Oleh Rachmad Resmiyanto
TEMPO hari saya menerima undangan Upacara Milad Ke-50 Universitas Ahmad Dahlan dan Penyerahan Sertifikat ISO/IWA 2 untuk Sabtu, 18 Desember 2010. Senang juga lihat undangan ini. Disainnya menarik hati. Semua berwarna putih bersih dan ditengahnya ada grafiti lambang 50 dengan angka nol digambar sebagai matahari. Ada 12 sinar kuning keemasan yang terpancar.
Saya buka perlahan. Undangan ini menyentak kesadaran saya. Rupanya, universitas saya sudah ter-ISO kan. Ada seraut kebanggaan, juga terbit segurat kegelisahan.
Mulanya, ISO - International Organization for Standardization- merupakan sistem manajemen mutu dan standar penjaminan mutu untuk industri fabrikasi. Ia berisi informasi yang diperlukan untuk bikin kebijakan manajerial , mengembangkan sistem penjaminan mutu untuk diwujudkan dalam tindakan nyata. Tahun 1987 merupakan awal lembaga ISO mempublikasikan standar mutu bikinannya. Tentu saja, ISO terus berkembang dan diperbaiki. Kini, ISO 9000 (Guide to Quality Management for Services) telah sukses merambah masuk sistem manajemen mutu pendidikan melalui ISO 9001:2000.
Menurut buku Manajemen Mutu, Penjaminan dan Internasionalisasi Perguruan Tinggi di Indonesia, tulisan Dr. A. Hanief Saha Ghafur , Ditjen Dikti telah berhasil mendapatkan sertifikat ISO atas tata kelola adminstrasinya. Katanya pula, belum ada PTN yang berhasil memperoleh sertifikat ISO namun sudah ada beberapa PTS yang bersertifikat ISO 9001. PTS itu antara lain Universitas Bina Nusantara, Universitas Pelita Harapan, Sekolah Tinggi Manajemen Informatika dan Komunikasi (STIMIK) Jayakarta, Universitas Pancasila, dan STIMIK AKI Semarang. Dan kini, universitas tempat saya mengajar akan turut bersertifikat ISO.
Anehnya, banyak perguruan tinggi serius di luar negeri dan sudah masuk kelas sebagai universitas riset berkelas dunia justru tidak menerima sertifikasi ala ISO, bahkan menolaknya. Mereka tetap teguh untuk melakukan penjaminan mutunya lewat jalur akreditasi.

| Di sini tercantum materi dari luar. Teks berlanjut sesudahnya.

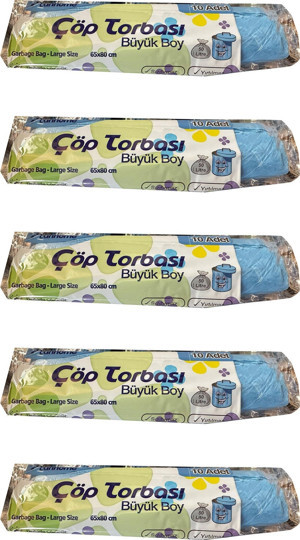 Mavi Büyük Boy Battal 65x80 Cm. 30 Litre Çöp Torbası Poşeti - 10 Adetlik 5 Rulo

Basis filosofis ISO dan akreditasi memang beda. ISO yang sedari awal diperuntukkan buat audit mutu manajemen industri hanya tepat jika digunakan untuk audit seluruh administrasi non akademik. Mutu akademik tidak tepat jika hendak diaudit dengan ISO.
Naga-naganya, perguruan-perguruan tinggi yang berburu ISO merupakan perguruan yang belum berbasis riset dan masih berbasis pada pengajaran semata. Mereka adalah perguruan tinggi yang yang orientasi pasarnya sangat kuat. Bahkan, relasi dosen-mahasiswa kerap dipandang seperti relasi pedagang-pembeli atau produsen-konsumen. Ini relasi yang dangkal.
Islam memandang aktivitas pendidikan adalah aktivitas yang sakral. Filsuf besar Malaysia, Al Attas, menegaskan bahwa pendidikan adalah penanaman sesuatu ke dalam diri manusia. Ini sangat terkait dengan adab sehingga hasil pendidikan adalah insan kamil, manusia paripurna. Tentu saja, aktivitas ini sangat berbeda dengan aktivitas niaga.
Saya merasakan ada upaya pendangkalan spiritualitas dalam dunia kependidikan di negeri ini. Semasa saya kecil, saya adalah murid. Belum genap saya lulus dari Sekolah Dasar, predikat saya sudah diganti menjadi siswa. Kini, predikat itu diganti lagi dengan peserta didik. Sebutan murid mengantarkan imajinasi saya dalam relasi spiritual antara seorang mursyid dan murid. Dalam relasi itu, aktivitas pendidikan bukan sekedar aktivitas raga (pikiran), melainkan juga aktivitas jiwa (batin). Bahkan, makna asal kata guru (bahasa sansekerta) adalah orang yang tidak hanya melakukan alih pengetahuan tetapi juga menjadi mentor spiritual bagi muridnya.
Maka, tatkala ISO diterapkan dalam lembaga pendidikan akan ada paradigma pendidikan, faktor normatif keilmuan dan budaya organisasi akademik yang berceceran.